Maybe Life in the Cosmos Is Rare After All
The conclusion that the universe is teeming with biology is based on an unproved assumption
By Paul Davies on May 23, 2016
A planet like Kepler 22b could plausibly be habitable—but that doesn't mean it's inhabited Credit: Artists' rendering by NASA/Ames/JPL-Caltech. Public Domain
When I was a student in the 1960s almost all scientists believed we are alone in the universe. The search for intelligent life beyond Earth was ridiculed; one might as well have professed an interest in looking for fairies. The focus of skepticism concerned the origin of life, which was widely assumed to have been a chemical fluke of such incredibly low probability it would never have happened twice. “The origin of life appears at the moment to be almost a miracle,” was the way Francis Crick described it, “so many are the conditions which would have had to have been satisfied to get it going.” Jacques Monod concurred; in his 1976 book Chance and Necessity he wrote, “Man knows at last that he is alone in the indifferent immensity of the universe, whence which he has emerged by chance.”

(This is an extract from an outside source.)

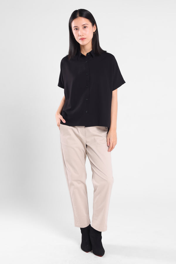 Blus berbahan rayon dengan technologi wrinkle resistance, kain anti-kusut yang dirancang agar tidak mudah kusut dan tetap terlihat halus, sehingga mengurangi kebutuhan untuk disetrika. Blus ini memiliki model dengan lebar bahu, dan lengan pendek loose untuk menciptakan siluet rileks sehingga nyaman untuk dipakai.

Today the pendulum has swung decisively the other way. Many distinguished scientists proclaim that the universe is teeming with life, at least some of it intelligent. The biologist Christian de Duve went so far as to call life “a cosmic imperative.” Yet the science has hardly changed. We are almost as much in the dark today about the pathway from non-life to life as Darwin was when he wrote, “It is mere rubbish thinking at present of the origin of life; one might as well think of the origin of matter.”

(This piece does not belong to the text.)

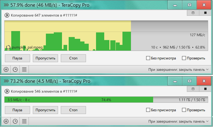 • Возможность приостановить и возобновить процесс копирования или перемещения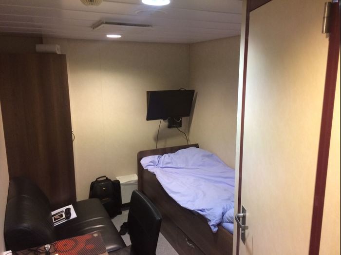 Например в отличии от наших судов, где стираешь и убираешь у себя сам, тут есть мой "личный" индус... Он каждый день убирает каюту и заправляет постель. о_0 У меня не нормированная вахта (Client Rep ин инглишь), иногда он заходит ко мне когда я сплю и сильно сильно, быстро, быстро извиняется. "I'm so sorry sorry sir!" Очень часто это повторяя. Мне его даже жалко становится...

There is no doubt that SETI – the search for extraterrestrial intelligence – has received a huge fillip from the recent discovery of hundreds of extra-solar planets. Astronomers think there could be billions of earthlike planets in our galaxy alone. Clearly there is no lack of habitable real estate out there. But habitable implies inhabited only if life actually arises.

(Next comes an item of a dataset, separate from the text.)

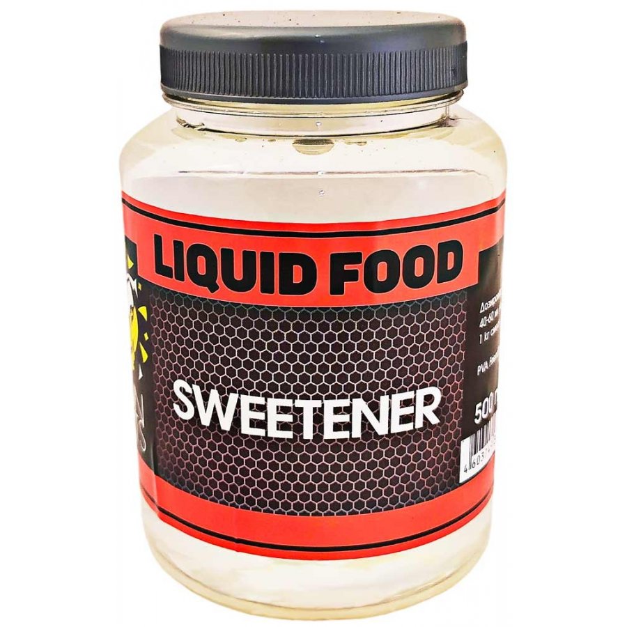 Sweetener - подсластитель в жидкой форме является отличным продуктом для возбуждения аппетита у карпов и других пресноводных рыб. Жидкий подсластитель относится к заменителю сахара, однако намного эффективней. В жидкую форму подсластителя входят несколько видов подсластителей, основным из которых является спленда. Благодаря гидрофильной основе жидкая форма обладает прекрасной растворимостью, даже в холодной воде. Подсластители придают привлекательность бойлам, а добавка в прикормочную смесь придаст ей насыщенность вкуса и возбуждающее действие. Кроме того, его молекулы обладают особым свойством стимулировать вкусовые рецепторы более длительное время и создавать за счет этого вкусовой след, который очень способствует привыканию в контексте продолжительного прикармливания.

I am often asked how likely it is that we will find intelligent life beyond Earth. The question is meaningless. Because we don’t know the process that transformed a mish-mash of chemicals into a living cell, with all its staggering complexity, it is impossible to calculate the probability that it will happen. You can’t estimate the odds of an unknown process. Astrobiologists, however, seem more preoccupied with the chances that microbial life will eventually evolve intelligence. Although biologists can’t do the math on that either, at least they understand the process; it is Darwinian evolution. But this is to put the cart before the horse. The biggest uncertainty surrounds the first step—getting the microbes in the first place.